Chief, Lymphoma Service, Memorial Sloan Kettering Cancer Center
How do you typically treat a newly diagnosed Hodgkin lymphoma patient?
Treatment depends on their clinical state. If they are early on in the disease and, the lymphocytes are non-bulky, then I treat with chemotherapy and radiation. Recently, we have been looking at potentially being able to treat some patients with chemotherapy, generally ABVD (Adriamycin, Bleomycin, Vinblastine and Dacarbazine), alone. If the disease has progressed further and they are at stage III or stage IV, we also follow the chemotherapy and radiation treatment but will increase the number of cycles a patient will go through.
What are the goals for future treatments?
Although there is already a tremendously high cure rate of over 80 percent for patients with early stage disease, we still want to improve cure rates and also focus on reducing treatment-related toxicity. We can reduce toxicity by reducing the amount of chemotherapy by incorporating an antibody drug like brentuximab vedotin (Adcetris).
In more advanced stages of Hodgkin lymphoma, we can combine brentuximab vedotin as a frontline regimen along with AVD, removing the need for the B in the chemotherapy equation.
How do you typically treat relapsed or refractory patients?
With patients who are either refractory to treatment or who have relapsed, generally we treat with second line therapies, which are platinum-based therapies such as Ifosfamide Carboplatin Etoposide (ICE) and Cannabidiol (CBD) to name a couple. This is followed by an autologous stem cell transplant. We can also utilize platinum-based regimens as well as gensadabine regimens. If the disease continues to progress the standard of care is to treat with more brentuximab vedotin.
What are the treatment options or recommendations post-transplant?
While this is not standard care patients, we have seen success in randomized trials using brentuximab vedotin.
Are there any special concerns for HL patients?
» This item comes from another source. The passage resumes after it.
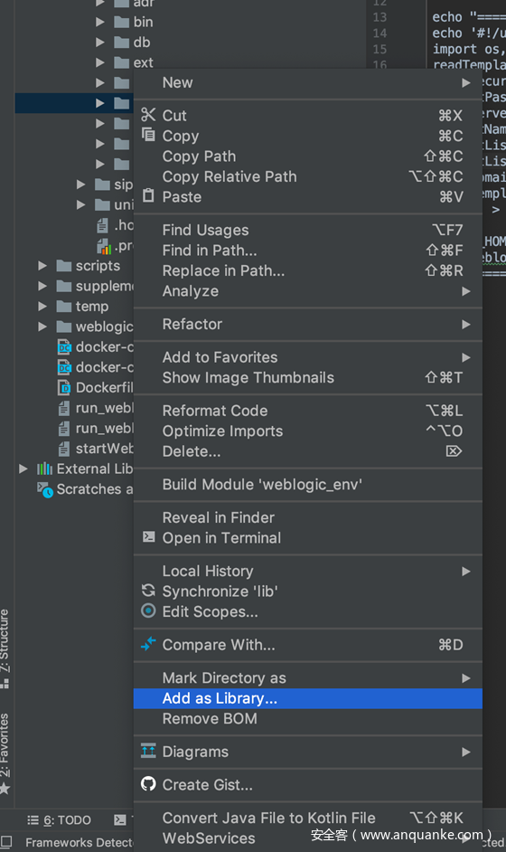 也可以使用run_weblogic1036jdk6u25.sh、run_weblogic12013jdk7u21sh、run_weblogic12021jdk8u121.sh这三个脚本进行快速环境搭建并复制远程调试需要用到的目录。执行前请赋予它们相应的可执行权限。

Since the majority of HL patients are younger, in their late 20's to early 30's range, these treatments do pose some risks other than the traditional side effects of therapy. Namely in this age range fertility is often a concern. ABVD has a very low rate for affecting fertility and the younger you are the less likely you will have any complications. Given that the need for second line therapy in relapsed or refractory patients does present more of a substantial risk, we always discuss precautionary measures with patients like sperm banking for males and egg collection and freezing for females. It is important for young adults with lymphoma to discuss fertility concerns and options with their healthcare team.
Do you suggest clinical trials for HL patients?
Yes, clinical trials are designed so that we expect to see positive responses in patients. For example, some people do not respond to brentuximab but clinical trials are showing that some other new agents like BD1 antibodies are inducing very good responses. Information like that and the potential for better treatments can really only happen through patients' involvement in clinical trials. Clinical trials provide an opportunity for patients to receive the latest therapies in a setting that is designed to receive better positive outcomes for patients. Specifically, Phase I and II trials regarding immune checkpoint inhibitors are showing major promise.